Что проку в его разумных сомнениях, о коих сказал он грейсфрате?
Что может сделать он, в самом деле, в таком одиночестве?
Пошатываясь, он покинул свою комнату и вышел во двор, где уже совсем стемнело. Припомнились слова ночного гостя о якобы нависшей над ним угрозе… Полноте, да не сам ли Хаиме Бофранк себе самая страшная угроза?!
Из сгустившегося мрака на него неожиданно посмотрели два страшные зеленые ока. Уж не дьявол ли явился за ним?
Ответом на эти мысли стало громкое мяуканье.
– И домашнюю скотину! – вымолвил Бофранк единственную припомнившуюся строку из услышанной сегодня буллы и пьяно засмеялся.
ГЛАВА СЕДЬМАЯ,
в которой Хаиме Бофранк обнаруживает себя больным, а также появляется долгожданный нюклиет, повествующий о шести разновидностях дьяволов и открывающий некоторые тайны
Когда наступила полночь, он начал свои действия. Он ободрал одного кота и пополам разрубил двух голубок. Потом он вызвал тех трех демонов, которых он выдавал за волхвов, а следом за ними и могучего их Князя, которого он именовал Эпаномон.

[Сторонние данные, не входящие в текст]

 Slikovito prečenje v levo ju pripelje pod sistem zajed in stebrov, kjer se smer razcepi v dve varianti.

Наутро следующего дня прима-конестабль пробудился совершенно разбитым. Голову тяжело было оторвать от подушки, казавшейся желтой от насквозь пропитавшего ее пота, все тело покрывала испарина, а руки непрерывно дрожали. Очевидно, вчера Бофранк застудился, что вкупе с его сердечным недугом дало совсем нежеланную картину. Докончило события белое крепкое вино, которое и в лучшие времена доставляло конестаблю по утрам немало мучений, а ныне и вовсе подорвало его здоровье.

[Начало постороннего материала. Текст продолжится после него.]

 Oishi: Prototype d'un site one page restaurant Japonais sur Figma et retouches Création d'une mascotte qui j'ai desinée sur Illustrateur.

Я болен, чую смертный хлад, Чем болен, мне не говорят, Врача ищу я наугад, Все их ухватки — Вздор, коль меня не защитят От лихорадки.На сей случай у Бофранка имелся особый порок. Он сорвал подвязку для челюсти, в коей, по обыкновению, спал, дабы рот его не раззевался во сне самым неприличным образом, и подергал за шнур. На зов пришел толстый парень – конестабль не уставал поражаться, сколько у старосты слуг, ибо почти никогда не являлся один и тот же. Бофранк велел парню поискать негодного Акселя и велеть тому принести порошок в синем мешочке.